[INFORMATION SUPPLIED]:
_ _ _ _

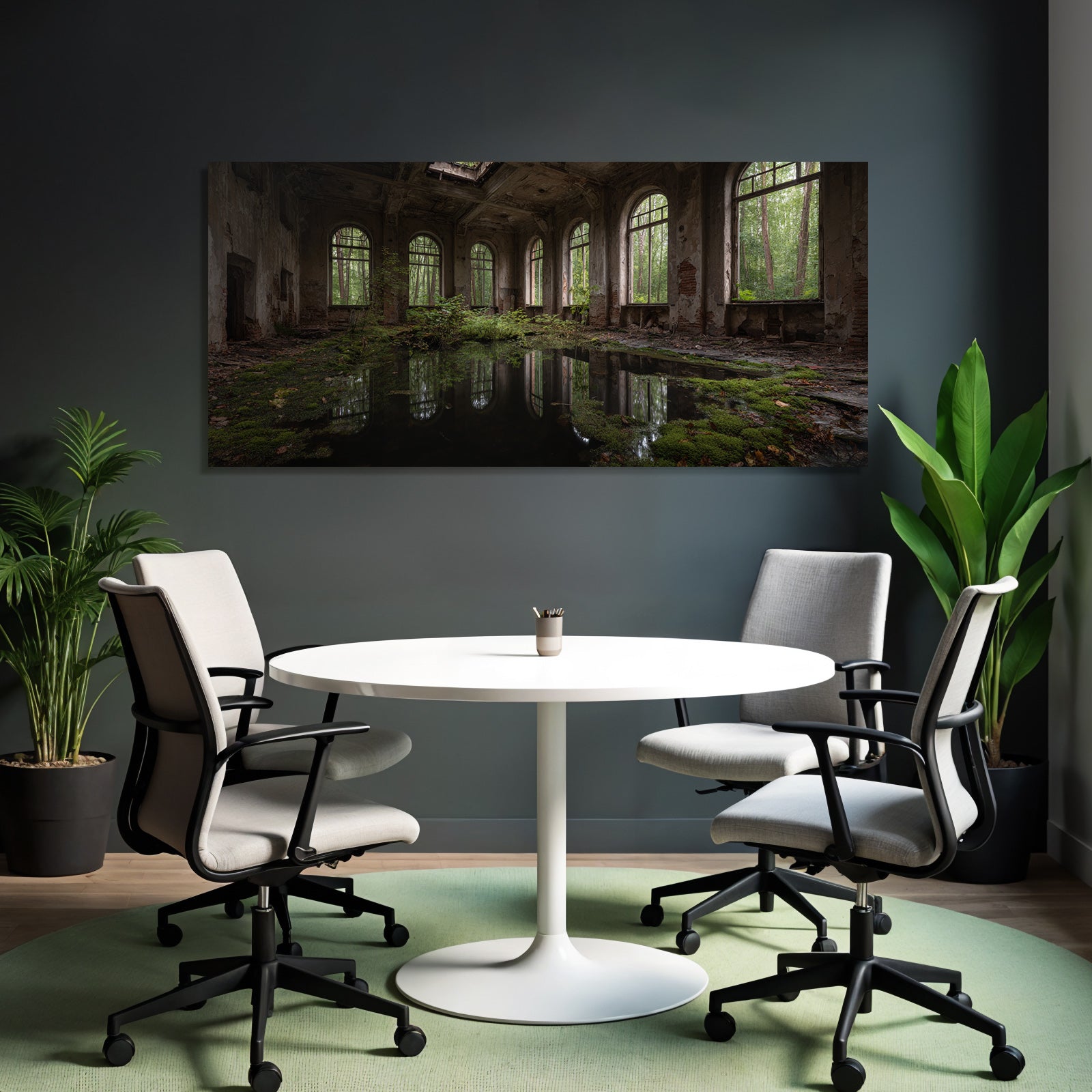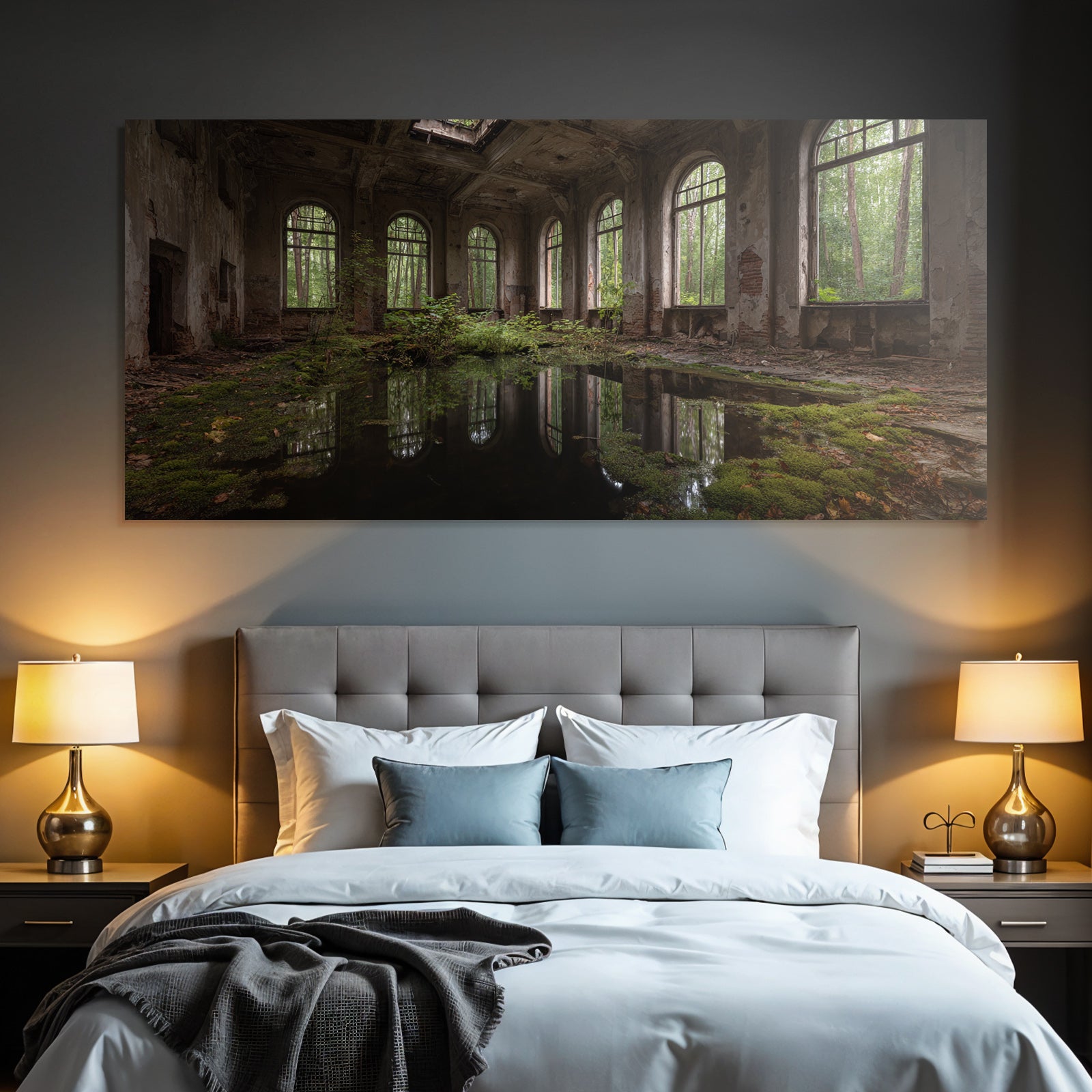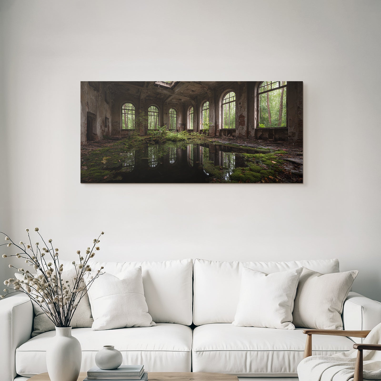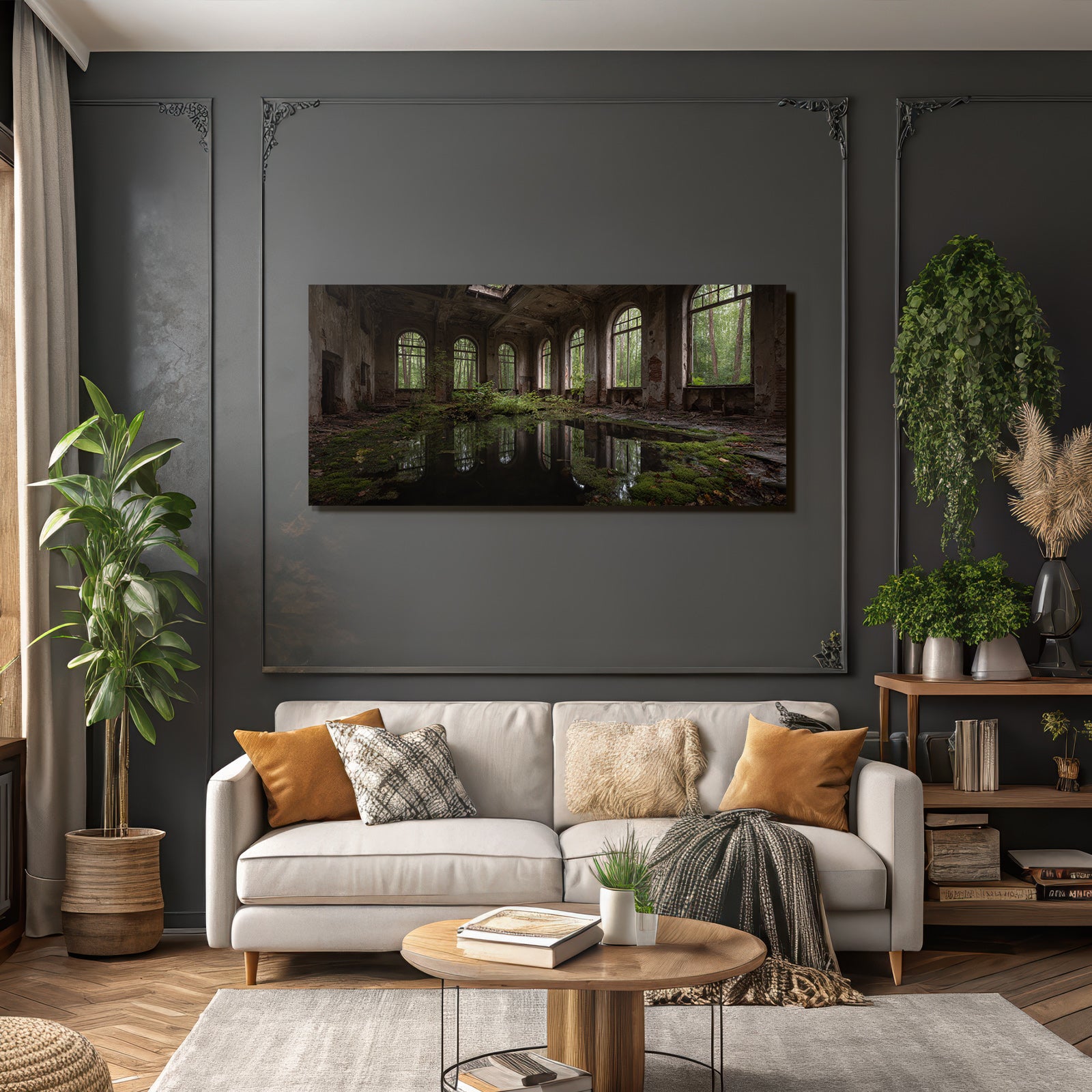 „Verlassene Innenansicht Mit Natur Reclamation Und Vegetation“ bringt den Stil Lost Places an Deine Wand – perfekt für Schlafzimmer, Homeoffice oder Besprechungsräume, edel gerahmt im FameFrame™.
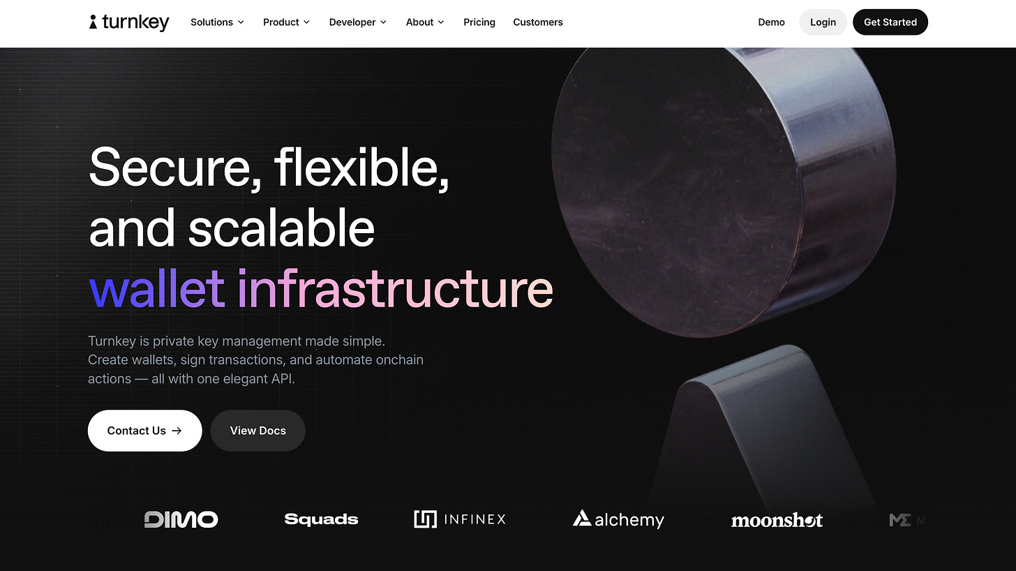 概要:秘密鍵を安全に管理するためのシンプルなAPIを提供するプラットフォーム。ユーザーは数百のウォレットを作成し、あらゆるチェーンにわたって数千のトランザクションに署名できる。これらはすべて、柔軟でプログラム可能な権限によって、必要な署名のみを確実に行うことができる。
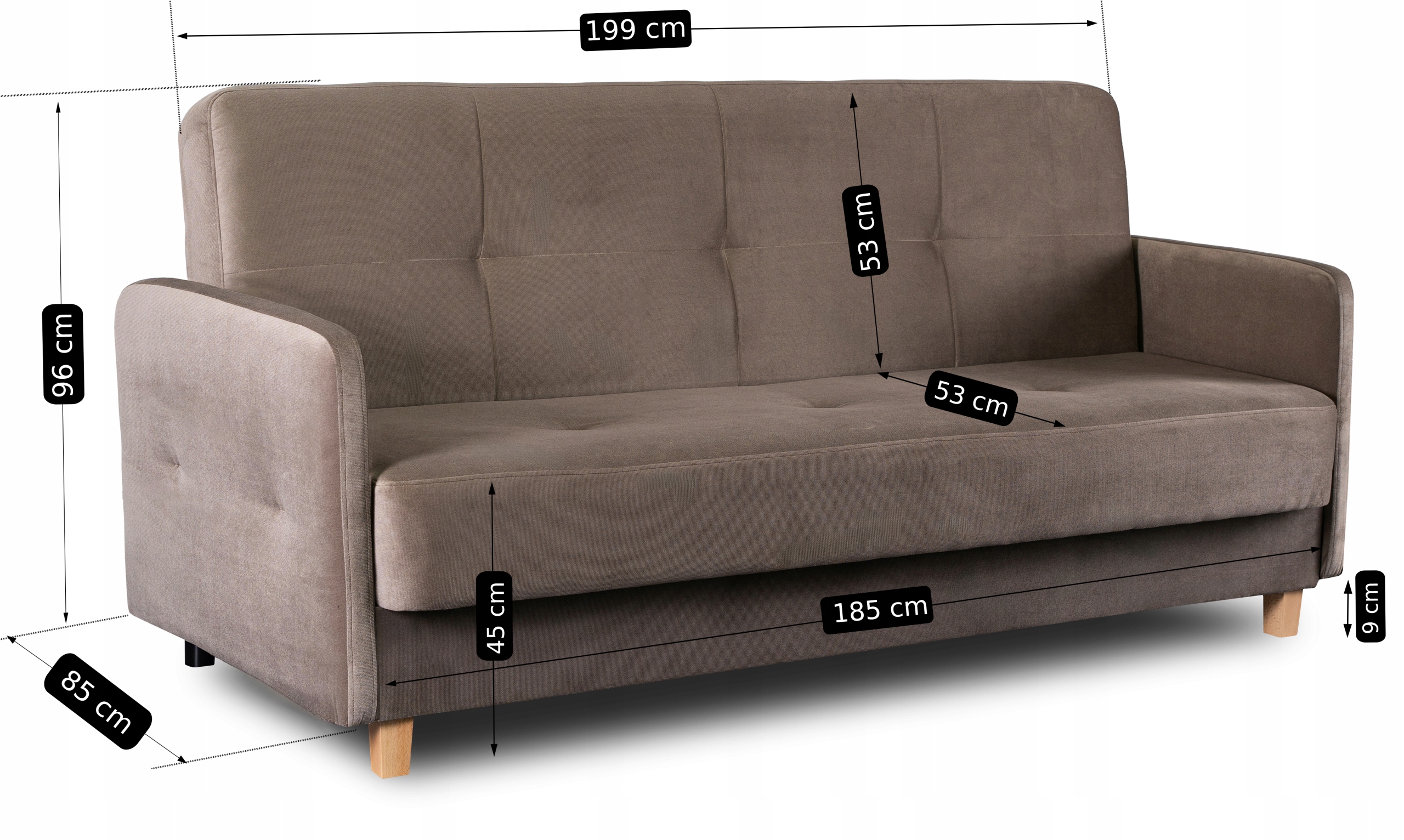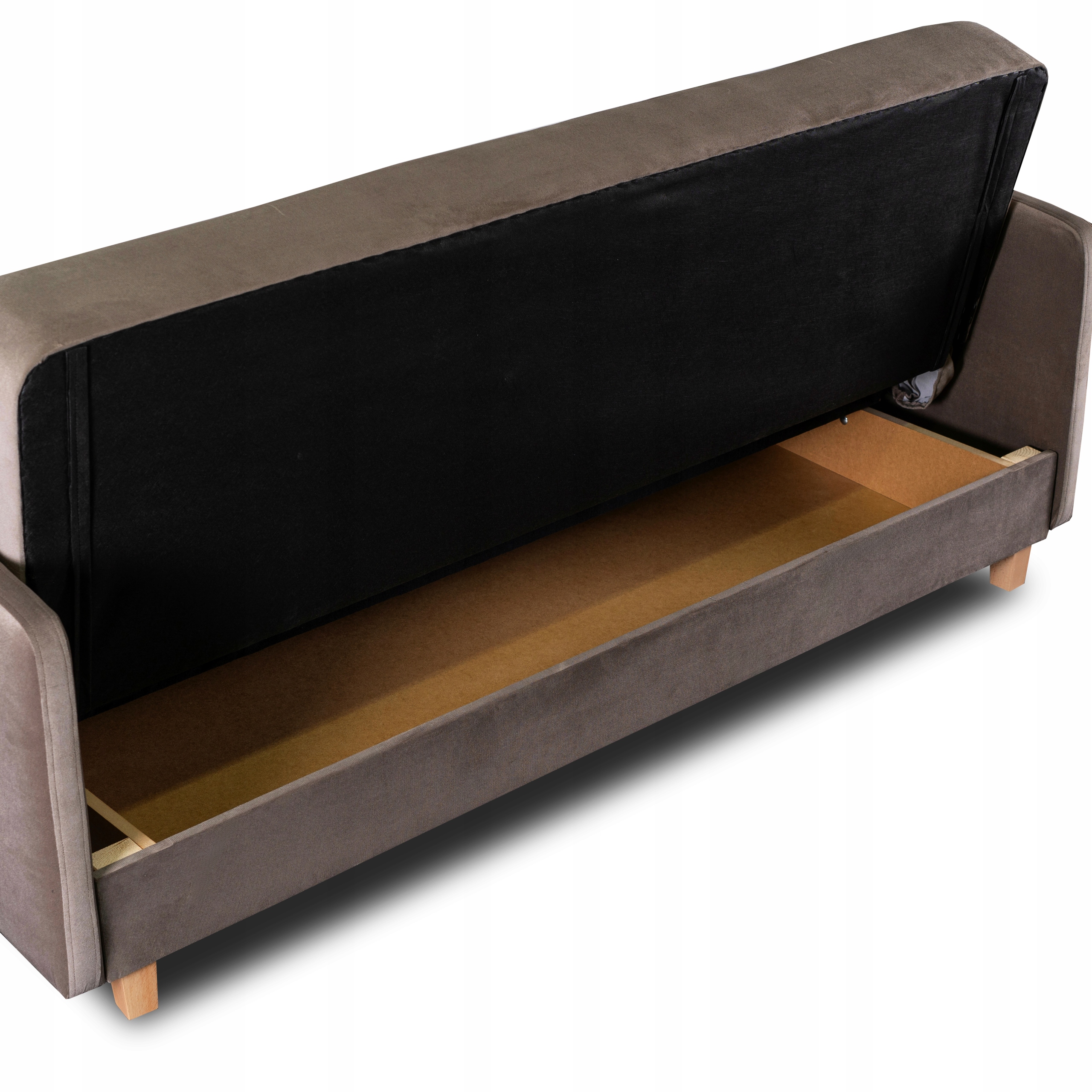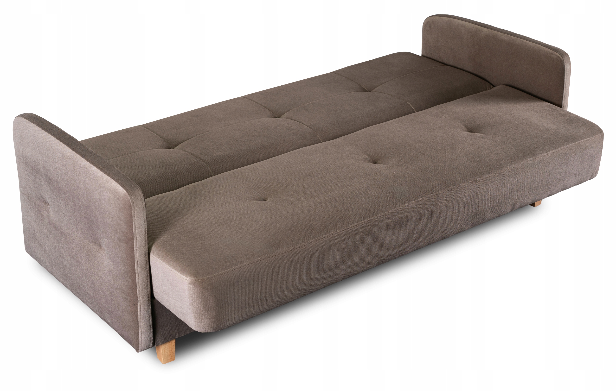 Jedną z głównych zalet kanapy jest funkcja spania, która pozwala na szybkie przekształcenie jej w przestronne łóżko o wymiarach 186x115 cm.
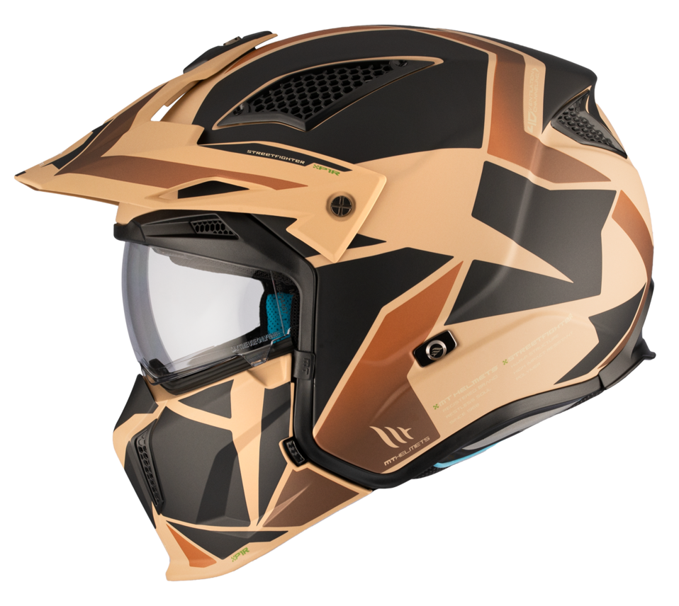Casca MT Streetfighter SV S P1R B9 maro mat (ochelari soare integrati) - masca (protectie) barbie si cozoroc detasabile - omologare noua ECE 22.06 - Maro mat , XS (53/54cm)

_ _ _ _

[REQUIRED ACTION]: Would you copy the lines above exactly, starting with the one that has "概要:秘密鍵を安全に管理する" and ending with the one that has "Jedną z głównych", both included, without the pictures?

[TASK SOLUTION]:
 概要:秘密鍵を安全に管理するためのシンプルなAPIを提供するプラットフォーム。ユーザーは数百のウォレットを作成し、あらゆるチェーンにわたって数千のトランザクションに署名できる。これらはすべて、柔軟でプログラム可能な権限によって、必要な署名のみを確実に行うことができる。
 Jedną z głównych zalet kanapy jest funkcja spania, która pozwala na szybkie przekształcenie jej w przestronne łóżko o wymiarach 186x115 cm.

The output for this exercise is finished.